+++ Provided material
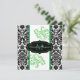 Este casamento tema damasco preto e branco monograma dramático tem acentos de rolhas verdes e um monograma verde em um rótulo preto central. Este convite seria perfeito para um primavera, verão, outono ou casamento no inverno, e também funcionaria bem para outros eventos formais que exigem classe e gosto. É mostrado aqui no papel básico. O papel linen também seria bom, mas se você quiser um papel mais pesado, eu sugiro o papel metálico de gelo, que daria a ele um adorável luster opalescente. ****Observe que os papéis coloridos (prata metálica e ouro, feltro e manchado) alterarão todas as cores no design. ALÉM DISSO, se você redimensionar o convite ou se você alterar fontes ou o tamanho da fonte, parte do design e/ou texto pode ser cortada. Tudo será impressão como você vê no seu monitor. Não verei seu convite, e Zazzle NÃO corrigirá nada (digitação, alinhamento etc.). O texto e o papel são todos personalizáveis. Se precisar de ajuda para este convite, envie-me um e-mail ANTES de fazer seu pedido. Se você precisar de outros itens correspondentes, envie um email para niteowlstudio@gmail.com.
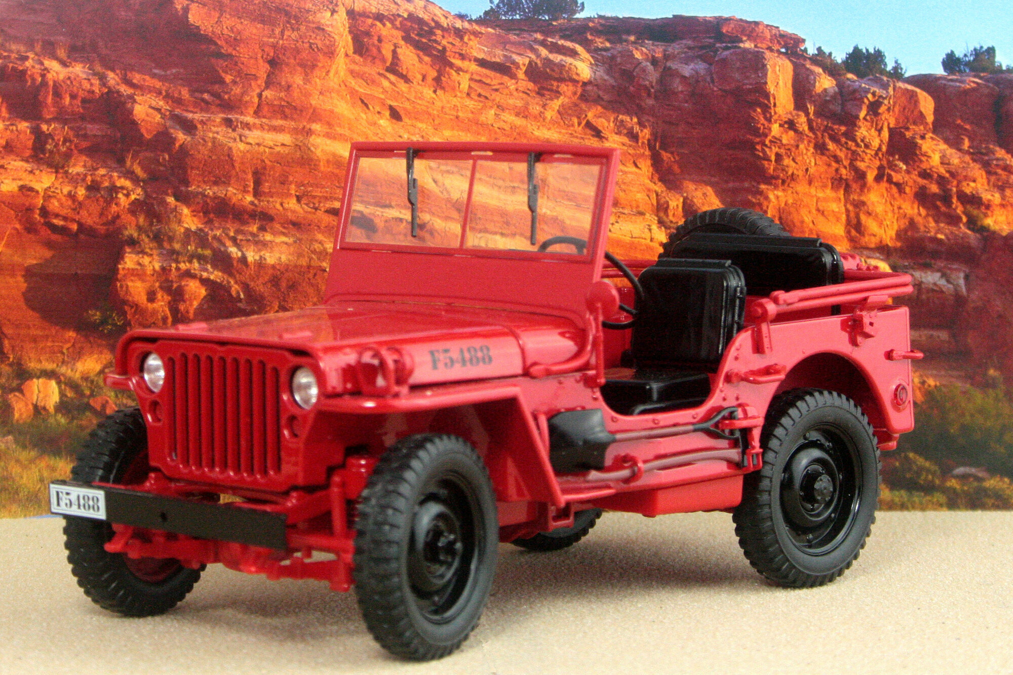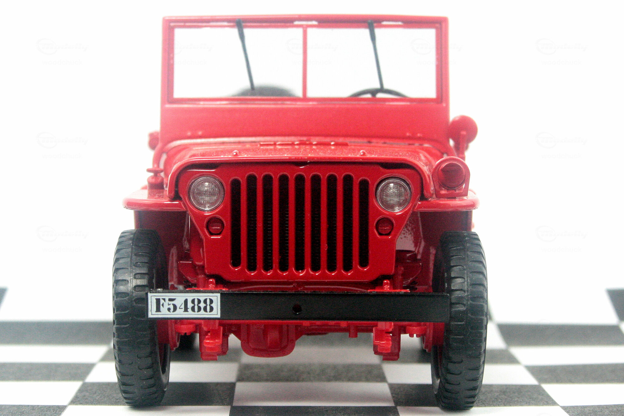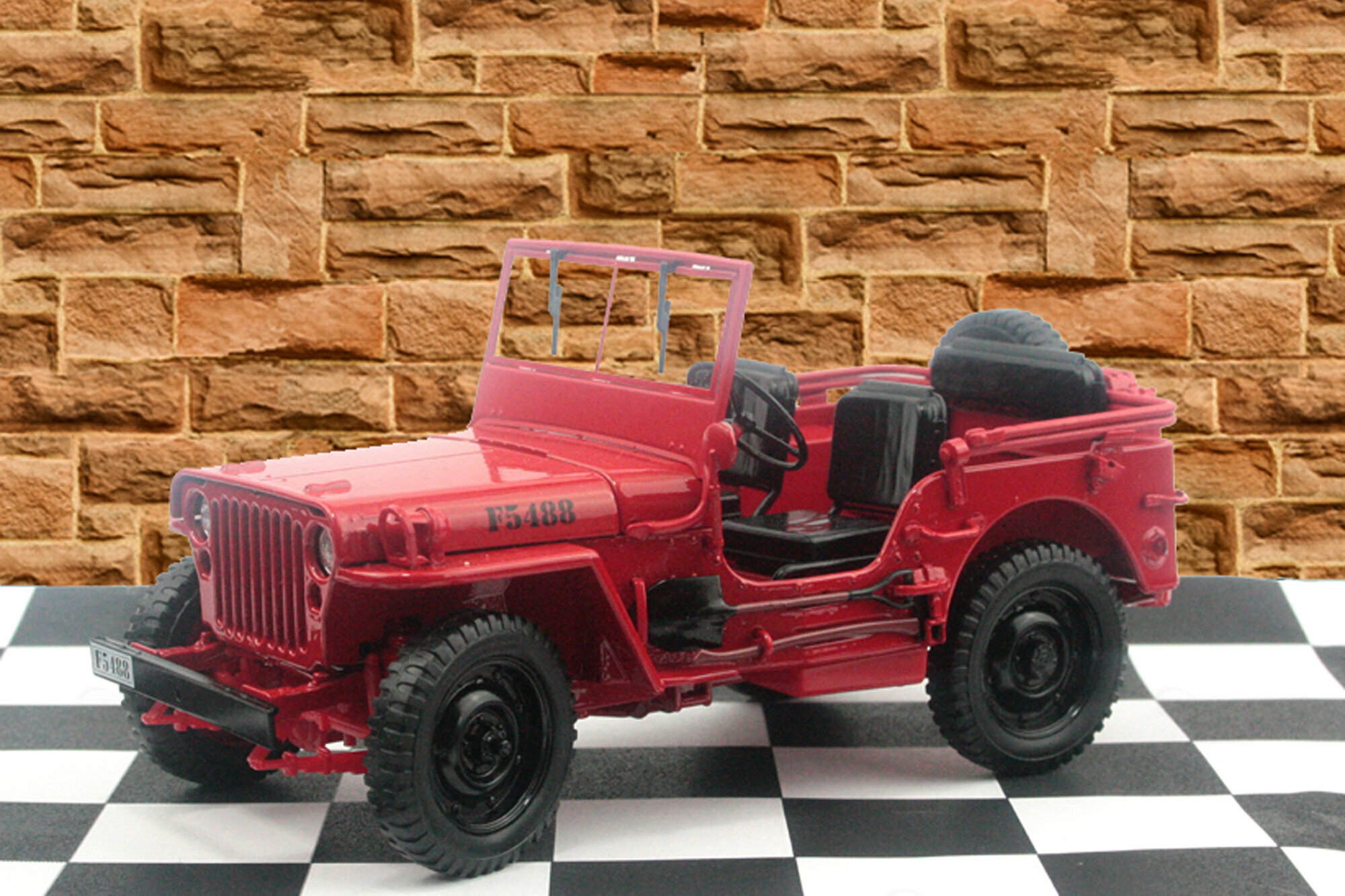 Welly brachte das Modell des Willys MB Jeep 2012 in verschiedenen Varianten auf den Markt. Die rote Version stell ein Feuerwehrfahrzeug dar. Das Modell hat eine Metall-Karosserie in guter Verarbeitung, leider ist die hochglänzende Lackierung etwas „wellig“ ausgefallen. Die Details sind sehr schön ausgeführt und in großer Zahl vorhanden. So findet man auf der Fahrerseite Schaufel und Axt, am Heck Reservekanister und Ersatzrad sowie die Anhänge Kupplung, Spriegel für ein Dach (was leider fehlt) sowie diverse Griffe und Halteösen überall am Fahrzeug. Auf der Unterseite findet man ein recht gut detailliertes Chassis mit dem Allradantrieb, leider einfarbig in Rot gehalten und mit vielen Kreuzschlitzschrauben versehen. Die Räder sind sehr gut gelungen. Die Motorhaube lässt sich öffnen, die Frontscheibe nach vorn klappen und die Spriegel hochstellen. Der Motor ist zufriedenstellend detailliert, verzichtet aber auf jegliche Verkabelung. Das Lenkrad wie auch die 3 Schalthebel sind sehr fein gearbeitet und auch das Armaturenbrett, überwiegend mit Abziehbildern dargestellt, mach einen guten Eindruck. Die Stahlrohrsitze sind gut nachgebildet, leider aber zu glänzend. Der Boden ist wie beim Original einfach gehalten, die Pedale sind aber leider nur als Prägung abgebildet. Der Maßstab wird absolut genau eingehalten und die Proportionen sind stimmig. Das rote Welly Modell findet man bei E-bay um die 50,-- €.
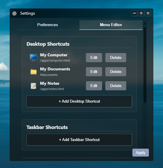 shortcuts.json: Defines the applications and their associated icons, which appear on the desktop, taskbar, and start menu. See the file for example format. The format is flexible, allowing for either a single array of shortcuts or separate arrays for each menu type under keys"desktop","taskbar", and"startMenu".settings.json: Contains customizable settings such as background image, theme, and font size. See the file for example format.
++++++
Task requirements>
Repeat all the material above exactly, apart from the pictures.

Response box>
 Este casamento tema damasco preto e branco monograma dramático tem acentos de rolhas verdes e um monograma verde em um rótulo preto central. Este convite seria perfeito para um primavera, verão, outono ou casamento no inverno, e também funcionaria bem para outros eventos formais que exigem classe e gosto. É mostrado aqui no papel básico. O papel linen também seria bom, mas se você quiser um papel mais pesado, eu sugiro o papel metálico de gelo, que daria a ele um adorável luster opalescente. ****Observe que os papéis coloridos (prata metálica e ouro, feltro e manchado) alterarão todas as cores no design. ALÉM DISSO, se você redimensionar o convite ou se você alterar fontes ou o tamanho da fonte, parte do design e/ou texto pode ser cortada. Tudo será impressão como você vê no seu monitor. Não verei seu convite, e Zazzle NÃO corrigirá nada (digitação, alinhamento etc.). O texto e o papel são todos personalizáveis. Se precisar de ajuda para este convite, envie-me um e-mail ANTES de fazer seu pedido. Se você precisar de outros itens correspondentes, envie um email para niteowlstudio@gmail.com.
 Welly brachte das Modell des Willys MB Jeep 2012 in verschiedenen Varianten auf den Markt. Die rote Version stell ein Feuerwehrfahrzeug dar. Das Modell hat eine Metall-Karosserie in guter Verarbeitung, leider ist die hochglänzende Lackierung etwas „wellig“ ausgefallen. Die Details sind sehr schön ausgeführt und in großer Zahl vorhanden. So findet man auf der Fahrerseite Schaufel und Axt, am Heck Reservekanister und Ersatzrad sowie die Anhänge Kupplung, Spriegel für ein Dach (was leider fehlt) sowie diverse Griffe und Halteösen überall am Fahrzeug. Auf der Unterseite findet man ein recht gut detailliertes Chassis mit dem Allradantrieb, leider einfarbig in Rot gehalten und mit vielen Kreuzschlitzschrauben versehen. Die Räder sind sehr gut gelungen. Die Motorhaube lässt sich öffnen, die Frontscheibe nach vorn klappen und die Spriegel hochstellen. Der Motor ist zufriedenstellend detailliert, verzichtet aber auf jegliche Verkabelung. Das Lenkrad wie auch die 3 Schalthebel sind sehr fein gearbeitet und auch das Armaturenbrett, überwiegend mit Abziehbildern dargestellt, mach einen guten Eindruck. Die Stahlrohrsitze sind gut nachgebildet, leider aber zu glänzend. Der Boden ist wie beim Original einfach gehalten, die Pedale sind aber leider nur als Prägung abgebildet. Der Maßstab wird absolut genau eingehalten und die Proportionen sind stimmig. Das rote Welly Modell findet man bei E-bay um die 50,-- €.
 shortcuts.json: Defines the applications and their associated icons, which appear on the desktop, taskbar, and start menu. See the file for example format. The format is flexible, allowing for either a single array of shortcuts or separate arrays for each menu type under keys"desktop","taskbar", and"startMenu".settings.json: Contains customizable settings such as background image, theme, and font size. See the file for example format.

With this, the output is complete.